Earlier Monday, Janssen said he is not in pain, but the soreness is “something that just doesn’t feel like that spring training soreness.”

“I don’t see this as being a huge thing,” he said. “Obviously when I didn’t pitch the last few days, it’s never good but I’ve dealt with a lot worse.”

Janssen has a lengthy history of shoulder issues. He had surgery to repair a torn labrum in his right shoulder in 2008, then spent two stints on the 15-day disabled list because of shoulder inflammation or soreness in 2009. He mentioned shoulder soreness in both 2011 and 2013 but was not placed on the DL. This is the third consecutive spring in which he has dealt with shoulder discomfort.

Given that background, Janssen’s current soreness can be viewed one of two ways. It is concerning, because the shoulder continues to give him trouble, but it also something he has regularly overcome over the past several years.

General manager Mike Rizzo prefers to take the latter view.

“He knows how to take care of himself and get ready for the season,” Rizzo said. He’s had this before so he knows how to battle through it.”

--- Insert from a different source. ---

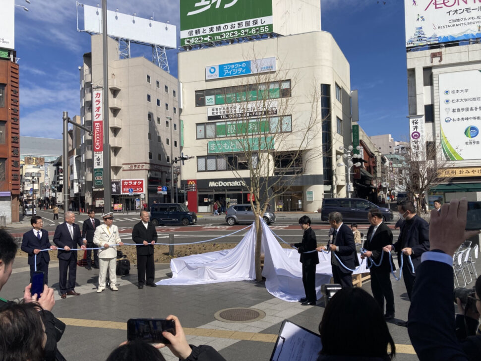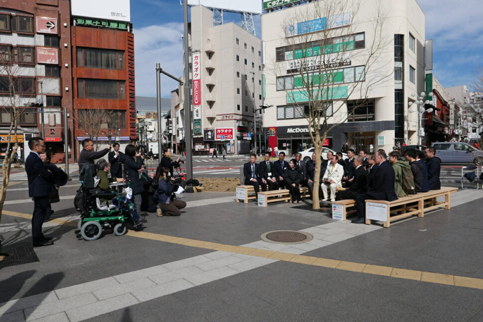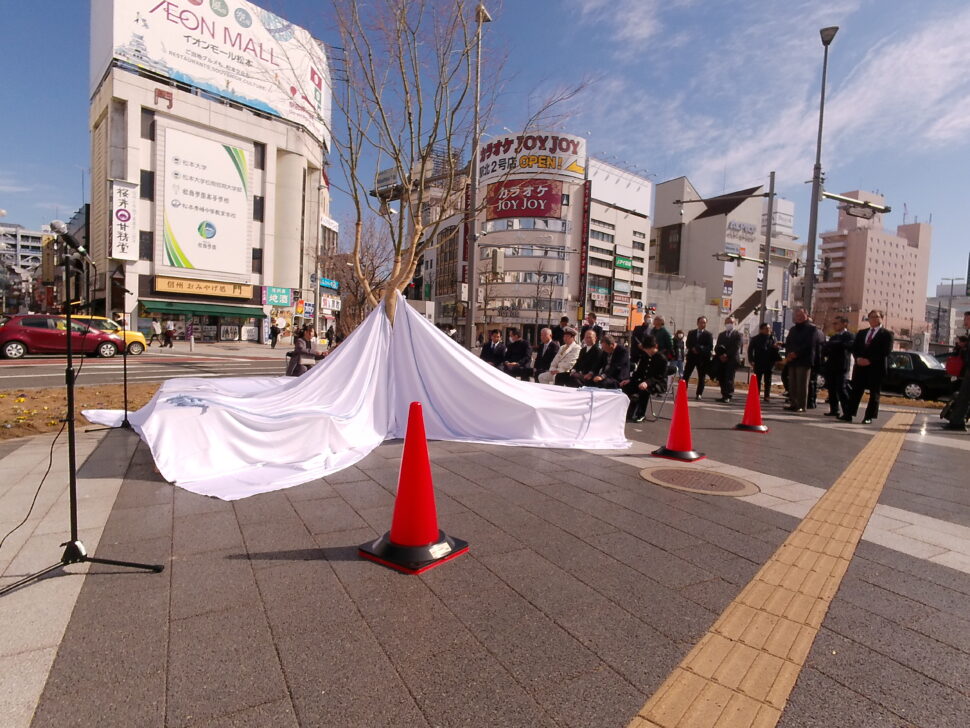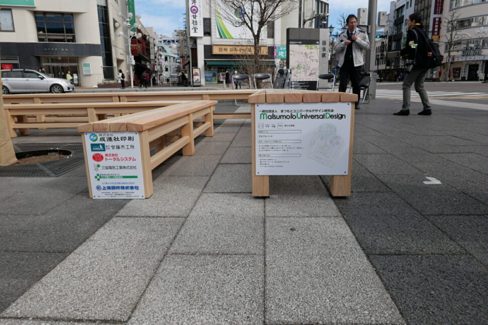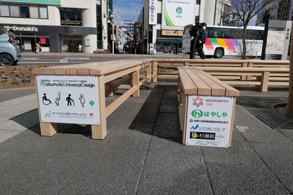 2023年ながのユニバーサルデザインアイディアコンクールで「こんなベンチがあったらいいね」をテーマに作品を募集し、金賞を受賞した「だれでもベンチ」(当時小学生、現中学生)を研究会で具現化し松本駅前公園に設置されることになり、2月21日に金賞に輝いた本人、臥雲松本市長、松本駅長、松本市関係者、研究会員等々が参加して設置除幕式がおこなわれました。

Before learning the results of his MRI, Janssen did not believe the injury would be anything “earth-shattering” and was optimistic about making a speedy recovery.

“We’ve just got to see how it goes and how I feel,” he said. “I think the one thing being a reliever is that I did have a decent foundation before, and when you’re only throwing one inning, it can come back quick. So that’s kind of what I’m hanging my hat on. I’ll go as fast as the trainer and the body allows.”